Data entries

· · · ·

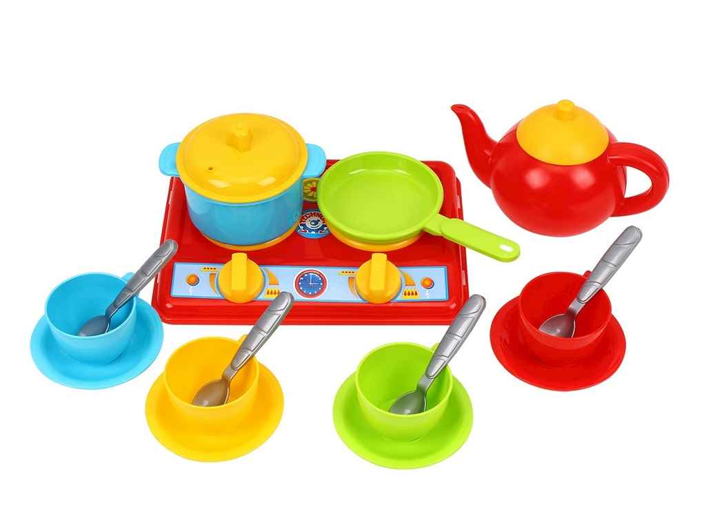 У комплект входить варильна поверхня, 4 чашечки, 4 блюдечка, 4 ложки, чайник, каструля та сковорідка.
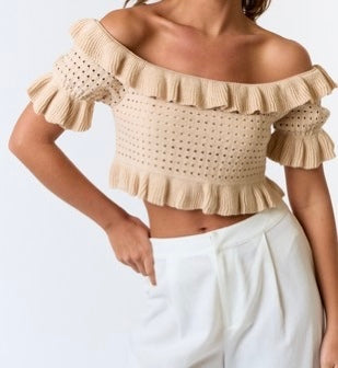 Ruffled pointelle off shoulder sweater top
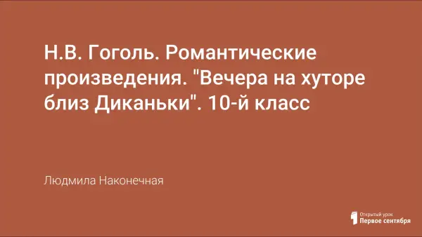Автор знакомит учащихся с жизнью писателя, дает представление о романтизме и романтических произведениях Н.В. Гоголя.
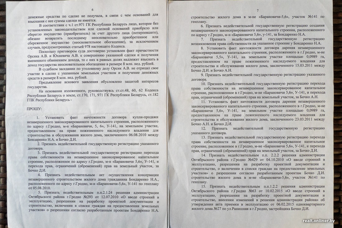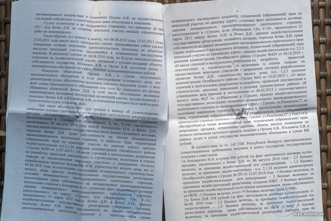 — Весной этого года я стал ответчиком по делу. Прокурор города Гродно в интересах государства подал исковое заявление: отменить все сделки по объекту — купля-продажа, госрегистрация, переоформление, разрешение на строительство, ввод дома в эксплуатацию и т. д. То есть, по сути, отменить всю мою жизнь за последние девять лет. Как это объяснили? Очень просто: хоть Александр Орсик и был оправдан, но в процессе разбирательств было установлено, что он «мутил» с документами, поэтому будь добр, верни землю.
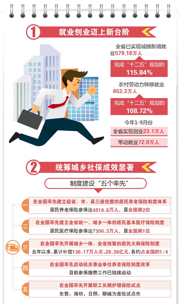 “十二五期間尤其是十八大以來,我省緊緊圍繞群眾最關(guān)心、最直接、最現(xiàn)實的利益問題,攻堅克難,砥礪奮進(jìn),密集出臺一項項惠及民生的好政策,用諸多‘率先’‘首創(chuàng)’和‘破冰’等改革關(guān)鍵詞定義民生改革‘走在前列’!笔∪肆Y源社會保障廳廳長韓金峰說。一系列“民生難點”變成“改革亮點”,一幅幅溫馨的圖景在齊魯大地展開,讓山東百姓能夠充分共享改革發(fā)展的“紅利”。
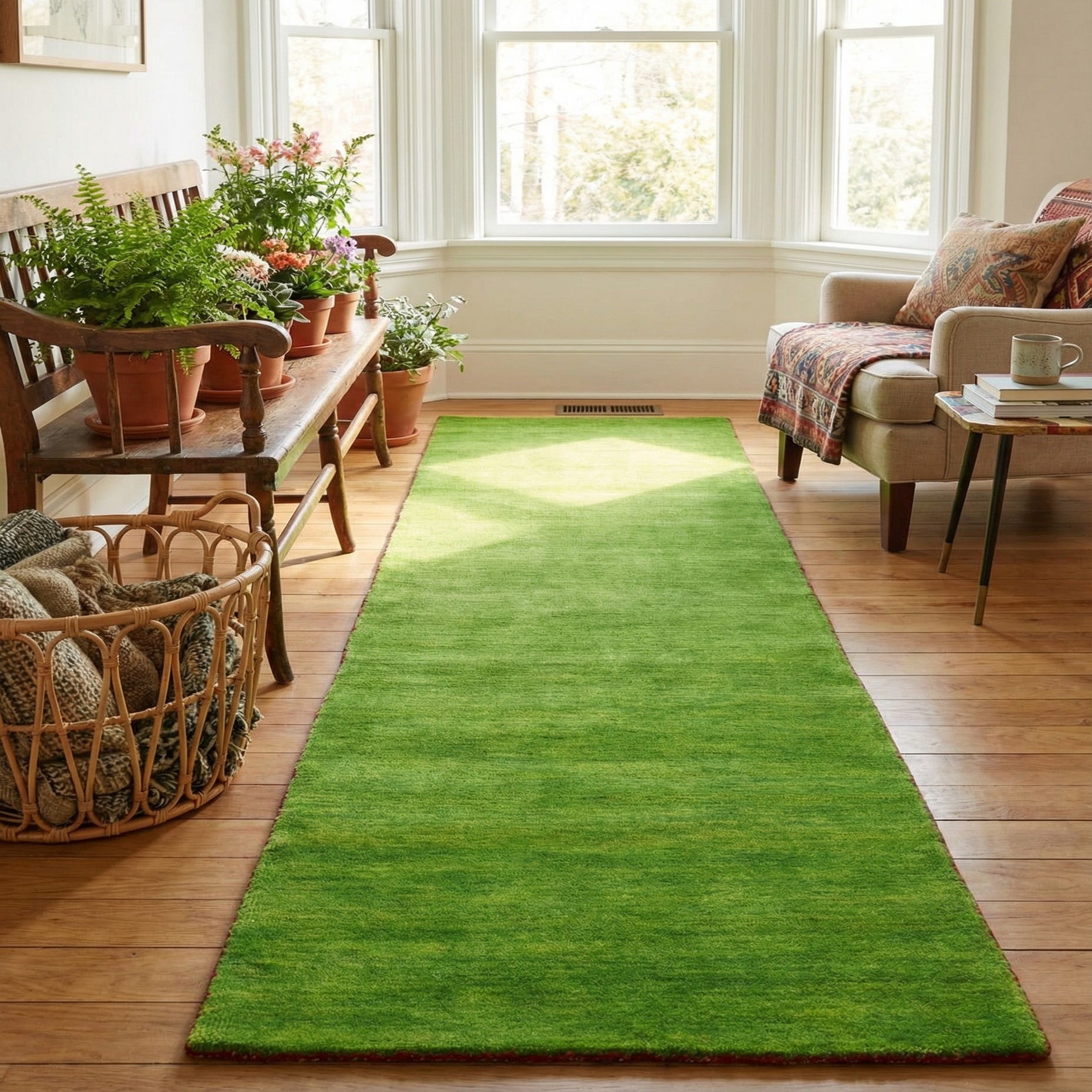 2' 7 x 9' 10 Hand Knotted Solid Gabbeh Wool Runner Rug
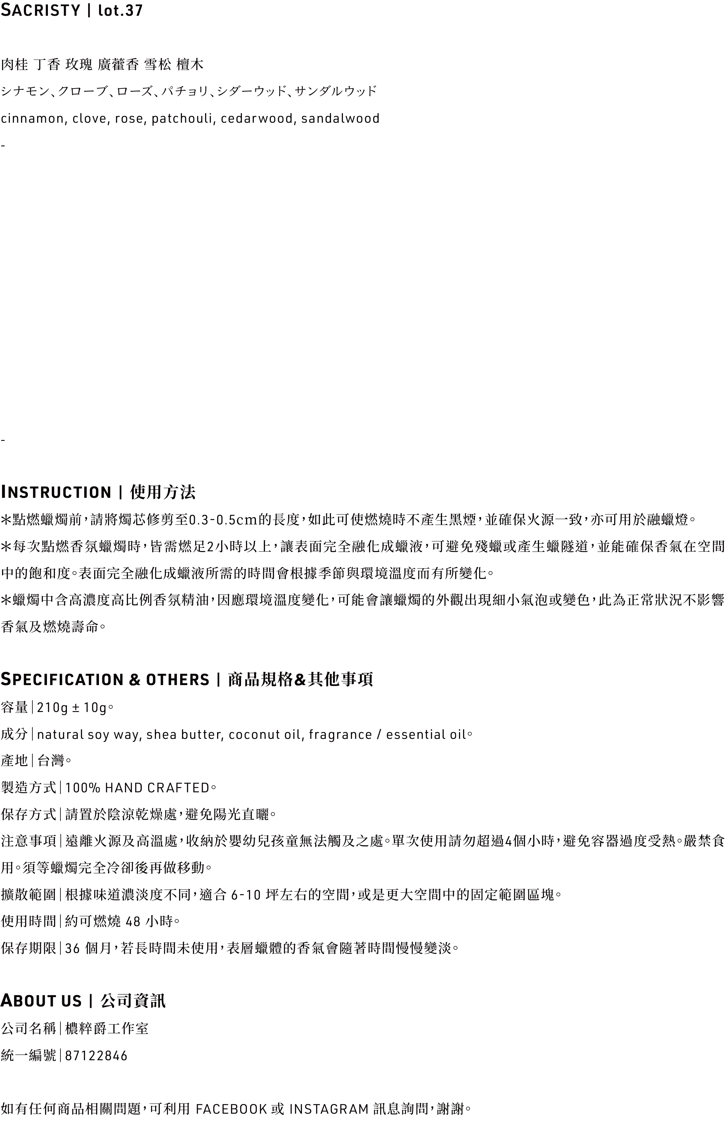 使用100%植物蠟為基底,獨家配方比例使燭面燃燒平整且不易產生黑煙,採用美國 FSC 認證永續林木生產木芯,燃燒時伴隨清脆的柴火聲響,帶來聽覺、視覺與嗅覺的三重感官享受!
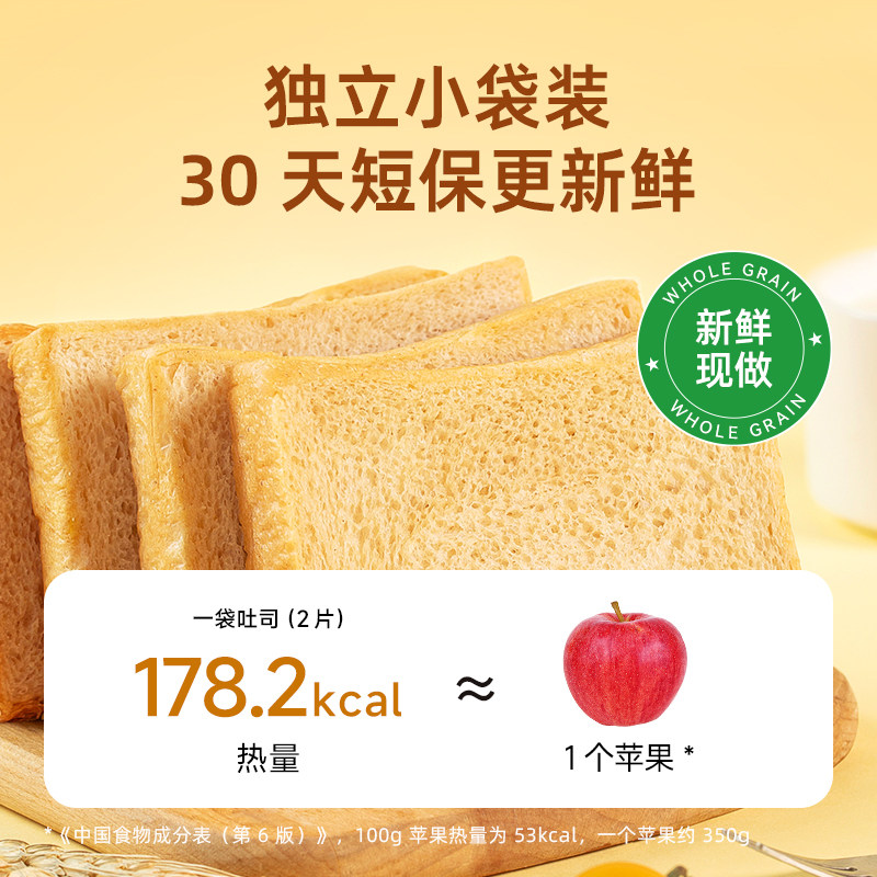 吉零燕麦全麦黄油吐司全谷物切片手撕面包点心蛋糕三明治早餐整箱

· · · ·

▶ What the task requires:
Your copy should consist solely of the lines from the line containing "Ruffled pointelle off shoulder sweater top" through the last line of the records above, reproduced exactly, with the pictures left out.

▶ Answer for this exercise:
 Ruffled pointelle off shoulder sweater top
Автор знакомит учащихся с жизнью писателя, дает представление о романтизме и романтических произведениях Н.В. Гоголя.
 — Весной этого года я стал ответчиком по делу. Прокурор города Гродно в интересах государства подал исковое заявление: отменить все сделки по объекту — купля-продажа, госрегистрация, переоформление, разрешение на строительство, ввод дома в эксплуатацию и т. д. То есть, по сути, отменить всю мою жизнь за последние девять лет. Как это объяснили? Очень просто: хоть Александр Орсик и был оправдан, но в процессе разбирательств было установлено, что он «мутил» с документами, поэтому будь добр, верни землю.
 “十二五期間尤其是十八大以來,我省緊緊圍繞群眾最關(guān)心、最直接、最現(xiàn)實的利益問題,攻堅克難,砥礪奮進(jìn),密集出臺一項項惠及民生的好政策,用諸多‘率先’‘首創(chuàng)’和‘破冰’等改革關(guān)鍵詞定義民生改革‘走在前列’!笔∪肆Y源社會保障廳廳長韓金峰說。一系列“民生難點”變成“改革亮點”,一幅幅溫馨的圖景在齊魯大地展開,讓山東百姓能夠充分共享改革發(fā)展的“紅利”。
 2' 7 x 9' 10 Hand Knotted Solid Gabbeh Wool Runner Rug
 使用100%植物蠟為基底,獨家配方比例使燭面燃燒平整且不易產生黑煙,採用美國 FSC 認證永續林木生產木芯,燃燒時伴隨清脆的柴火聲響,帶來聽覺、視覺與嗅覺的三重感官享受!
 吉零燕麦全麦黄油吐司全谷物切片手撕面包点心蛋糕三明治早餐整箱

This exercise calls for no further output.